── TASK MATERIAL ──

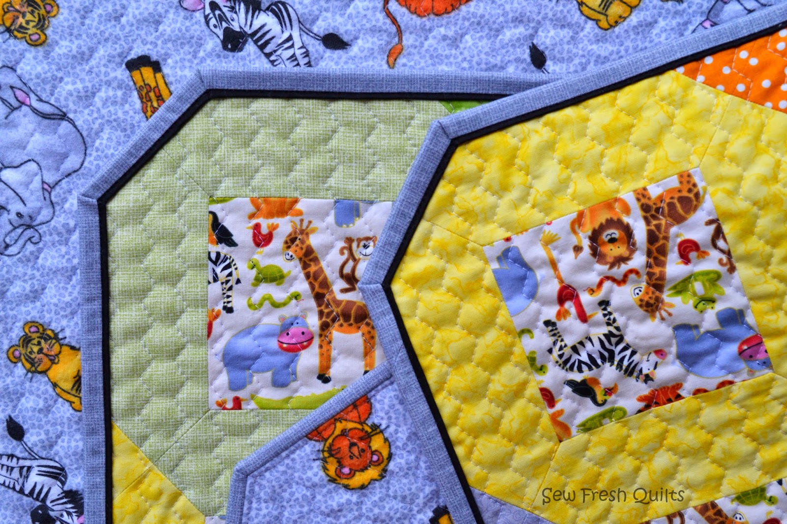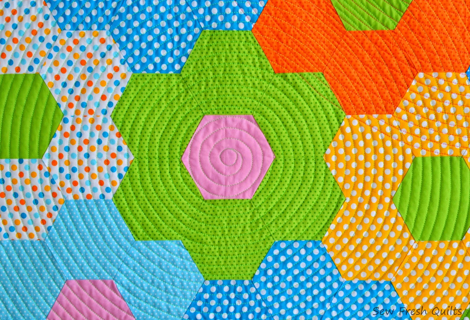 Also referred to as Honeycomb Quilting, I first discovered this quilting method courtesy of Amanda Jean of Crazy Mom Quilts here. My only caution in using this method is that it can cause quite a bit of shifting. In spite of heavily pinning during the basting stage, my quilt top on Flowers in the Sun continued to shift to the right as I quilted each line. It was a close one, so I encourage you to be generous in the dimensions of your backing if using this stitch to finish your quilt. And baste heavily!
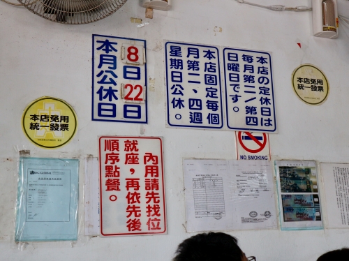 中国語や台湾語が飛び交う超ローカルなお店なのですが、実は日本人観光客も多く訪れるようで、店内には日本語で定休日の案内などが書かれています。
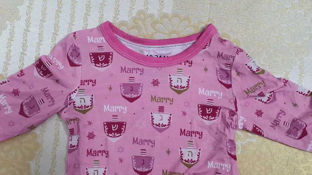 The dreidel designs are very lively and fun. My family's name is hand-embroidered very finely and sharply on the pocket. The flannel fabric is thick and warm, very comfortable to wear. The personalized service was quick, and the shop provided enthusiastic support. It was so meaningful for the whole family to wear matching outfits to celebrate Hanukkah. I will recommend this shop to my friends!
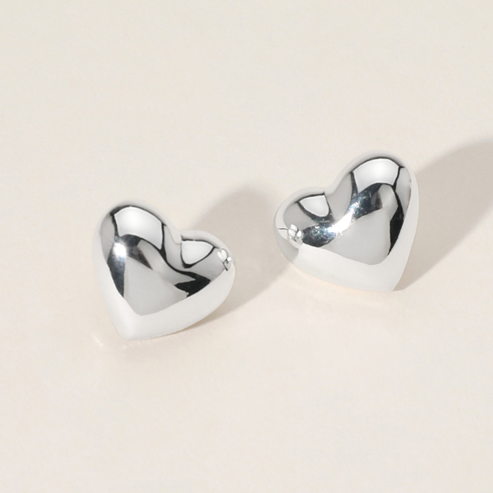 Metal Puffy Heart Stud Earrings
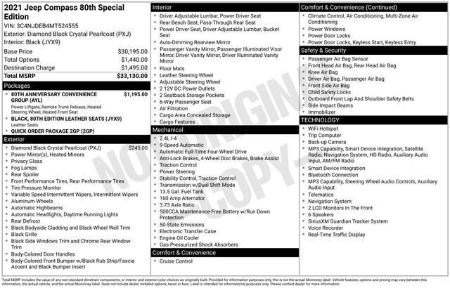 This Jeep Compass 80th Special Edition is packed with a wealth of advanced technology and convenience features, including:
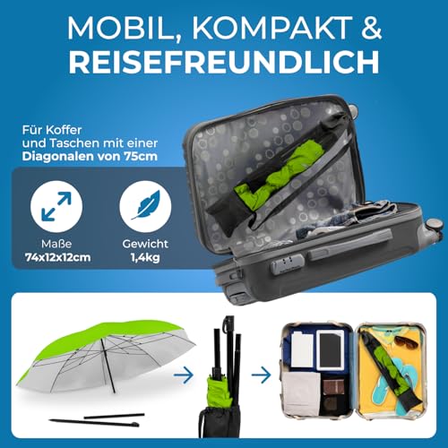 🧳 PACK MICH EIN – So kompakt, dadurch er in Deinen großen Koffer oder Reisetasche (mind. 75 cm Diagonale) passt. Unser Reise Sonnenschirm ist der perfekte Ware statt dessen Deinen nächsten Strandurlaub!
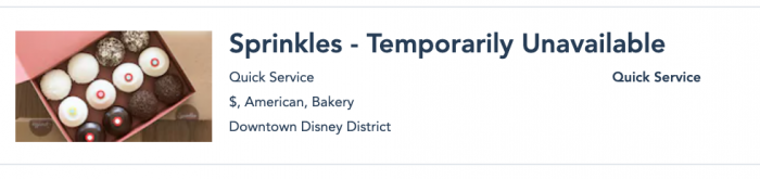 We noticed today that Sprinkles in Downtown Disney is currently closed. Checking Disneyland’s website, it lists the location as “Temporarily Unavailable.”
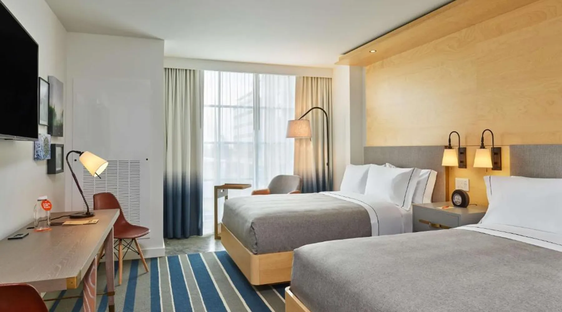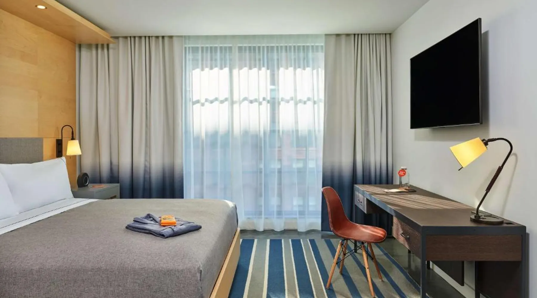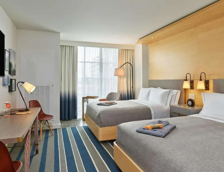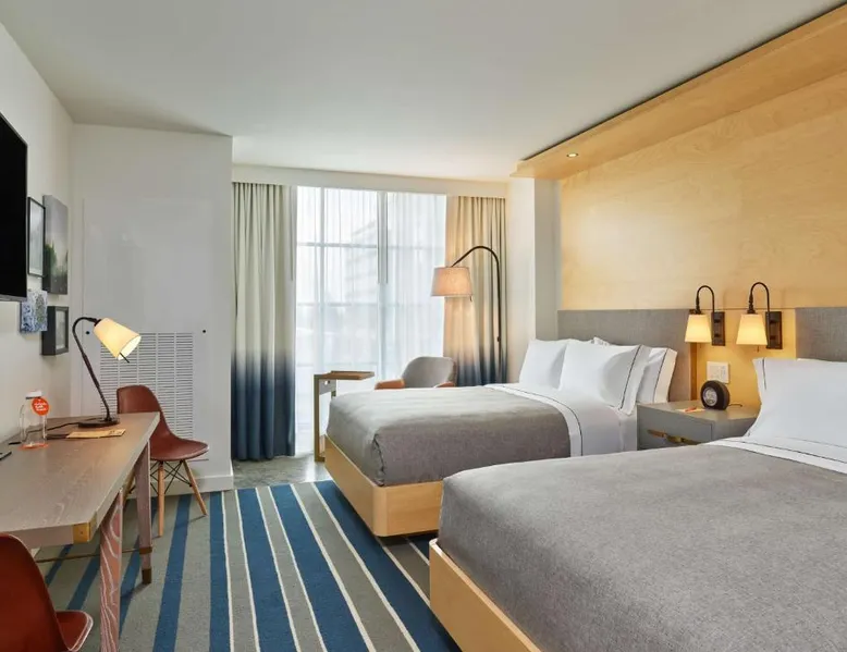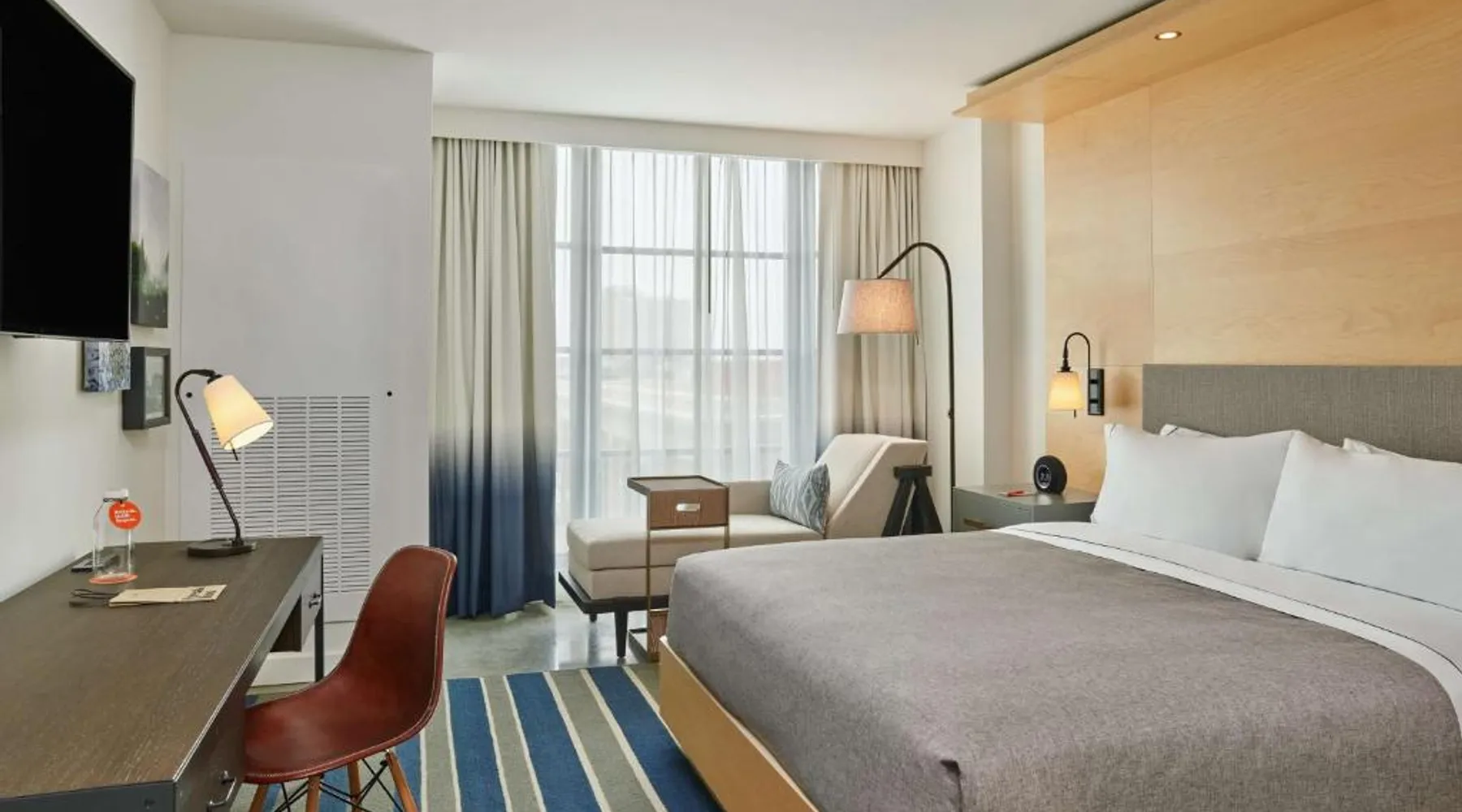 Comfortable Accommodations: Canopy By Hilton Washington DC Bethesda North in North Bethesda offers family rooms with air-conditioning, free WiFi, and modern amenities. Each room includes a refrigerator, tea and coffee maker, and a work desk. Dining and Leisure: The modern, family-friendly restaurant serves American and seafood cuisines with vegetarian, vegan, and gluten-free options. Guests can enjoy brunch, dinner, and cocktails in a relaxed setting. Additional facilities include a fitness center, sun terrace, and free bicycles. Convenient Location: Located 17 mi from Ronald Reagan Washington National Airport, the hotel is near attractions such as the Phillips Collection (11 mi) and the White House (12 mi). An ice-skating rink is also nearby. Highly rated for its convenient location, room comfort, and attentive staff. The spacious double room offers air conditioning, a tea and coffee maker, a seating area, a safe deposit box, as well as a flat-screen TV with cable channels. The unit offers 1 bed.
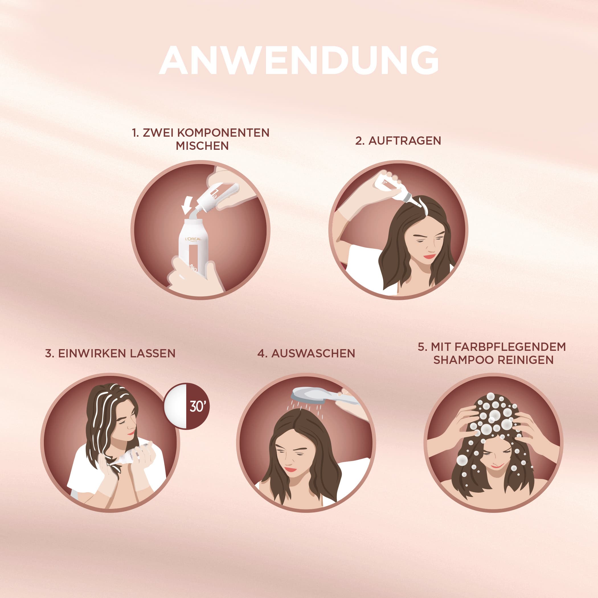 | Anwendungshinweis | Vorbereitung: Lesen Sie in jedem Fall auch die beiliegende Gebrauchsanweisung noch einmal genau durch. Denken Sie daran, einen Allgergieverdachtstest 48 Stunden vor Gebrauch der Coloration durchzuführen. Nehmen Sie sich vor dem Färben Zeit und legen Sie folgende Hilfsmittel bereit: Ein altes Handtuch, Einweghandschuhe, Haarklammern aus Plastik und einen Wecker, damit Sie die Einwirkzeit nicht vergessen. Färben: Die Produkte von EXCELLENCE sind leicht in der Anwendung: Es werden zwei Komponenten gemischt (Colorations-Creme und Entwickler) und die Coloration wird dann auf das ungewaschene Haar aufgetragen. Nach der Einwirkzeit einfach ausspülen und mit Farbpflege-Shampoo reinigem. |
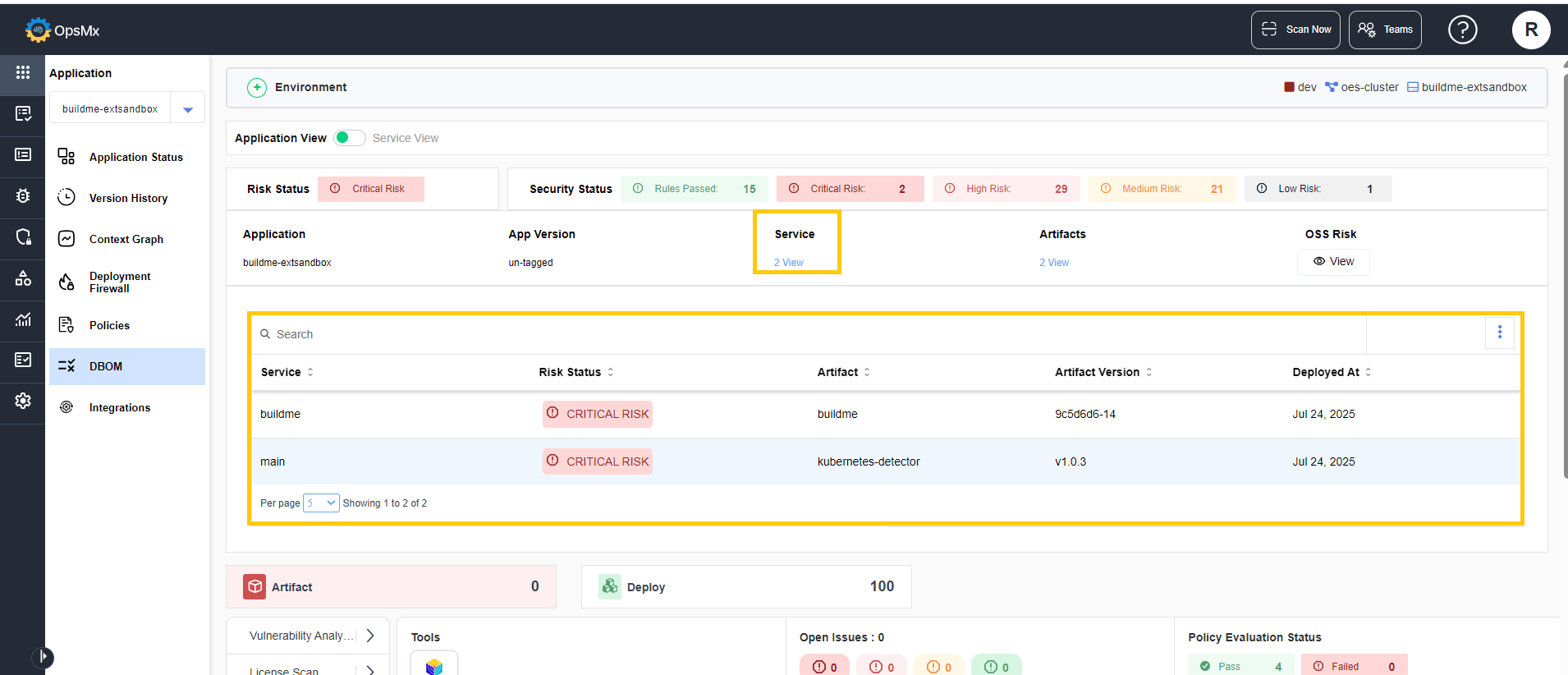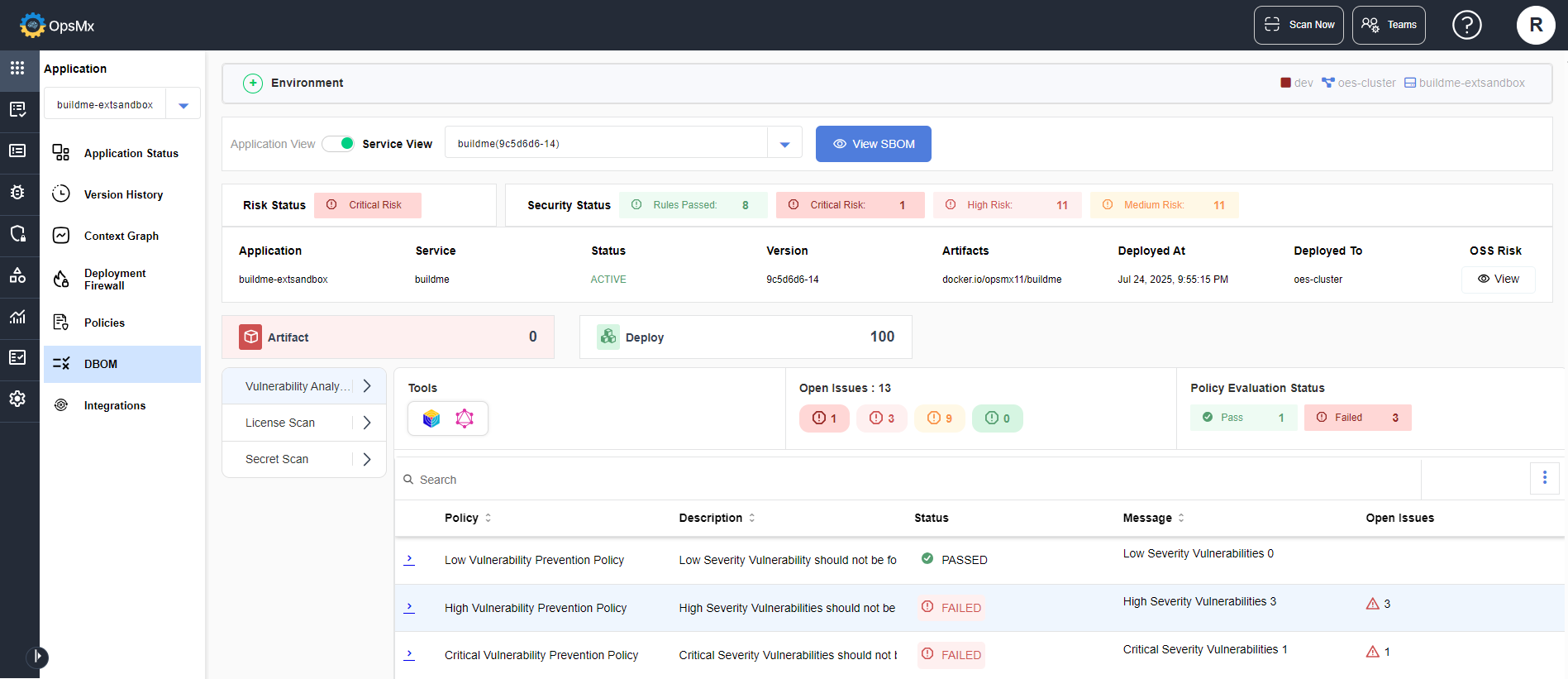 The delivery bill of materials or DBOM for the services is a collection of all policies evaluated across all the deployments in an application, along with a number of services in which they failed or passed. It contain the different stages and their app-level risk status/score and the overall risk status of the application.&#x20;

───

#### DIRECTIONS:
The answer must reproduce every line of the records above exactly, with all pictures left out.

#### ANSWER SPACE:
 Also referred to as Honeycomb Quilting, I first discovered this quilting method courtesy of Amanda Jean of Crazy Mom Quilts here. My only caution in using this method is that it can cause quite a bit of shifting. In spite of heavily pinning during the basting stage, my quilt top on Flowers in the Sun continued to shift to the right as I quilted each line. It was a close one, so I encourage you to be generous in the dimensions of your backing if using this stitch to finish your quilt. And baste heavily!
 中国語や台湾語が飛び交う超ローカルなお店なのですが、実は日本人観光客も多く訪れるようで、店内には日本語で定休日の案内などが書かれています。
 The dreidel designs are very lively and fun. My family's name is hand-embroidered very finely and sharply on the pocket. The flannel fabric is thick and warm, very comfortable to wear. The personalized service was quick, and the shop provided enthusiastic support. It was so meaningful for the whole family to wear matching outfits to celebrate Hanukkah. I will recommend this shop to my friends!
 Metal Puffy Heart Stud Earrings
 This Jeep Compass 80th Special Edition is packed with a wealth of advanced technology and convenience features, including:
 🧳 PACK MICH EIN – So kompakt, dadurch er in Deinen großen Koffer oder Reisetasche (mind. 75 cm Diagonale) passt. Unser Reise Sonnenschirm ist der perfekte Ware statt dessen Deinen nächsten Strandurlaub!
 We noticed today that Sprinkles in Downtown Disney is currently closed. Checking Disneyland’s website, it lists the location as “Temporarily Unavailable.”
 Comfortable Accommodations: Canopy By Hilton Washington DC Bethesda North in North Bethesda offers family rooms with air-conditioning, free WiFi, and modern amenities. Each room includes a refrigerator, tea and coffee maker, and a work desk. Dining and Leisure: The modern, family-friendly restaurant serves American and seafood cuisines with vegetarian, vegan, and gluten-free options. Guests can enjoy brunch, dinner, and cocktails in a relaxed setting. Additional facilities include a fitness center, sun terrace, and free bicycles. Convenient Location: Located 17 mi from Ronald Reagan Washington National Airport, the hotel is near attractions such as the Phillips Collection (11 mi) and the White House (12 mi). An ice-skating rink is also nearby. Highly rated for its convenient location, room comfort, and attentive staff. The spacious double room offers air conditioning, a tea and coffee maker, a seating area, a safe deposit box, as well as a flat-screen TV with cable channels. The unit offers 1 bed.
 | Anwendungshinweis | Vorbereitung: Lesen Sie in jedem Fall auch die beiliegende Gebrauchsanweisung noch einmal genau durch. Denken Sie daran, einen Allgergieverdachtstest 48 Stunden vor Gebrauch der Coloration durchzuführen. Nehmen Sie sich vor dem Färben Zeit und legen Sie folgende Hilfsmittel bereit: Ein altes Handtuch, Einweghandschuhe, Haarklammern aus Plastik und einen Wecker, damit Sie die Einwirkzeit nicht vergessen. Färben: Die Produkte von EXCELLENCE sind leicht in der Anwendung: Es werden zwei Komponenten gemischt (Colorations-Creme und Entwickler) und die Coloration wird dann auf das ungewaschene Haar aufgetragen. Nach der Einwirkzeit einfach ausspülen und mit Farbpflege-Shampoo reinigem. |
 The delivery bill of materials or DBOM for the services is a collection of all policies evaluated across all the deployments in an application, along with a number of services in which they failed or passed. It contain the different stages and their app-level risk status/score and the overall risk status of the application.&#x20;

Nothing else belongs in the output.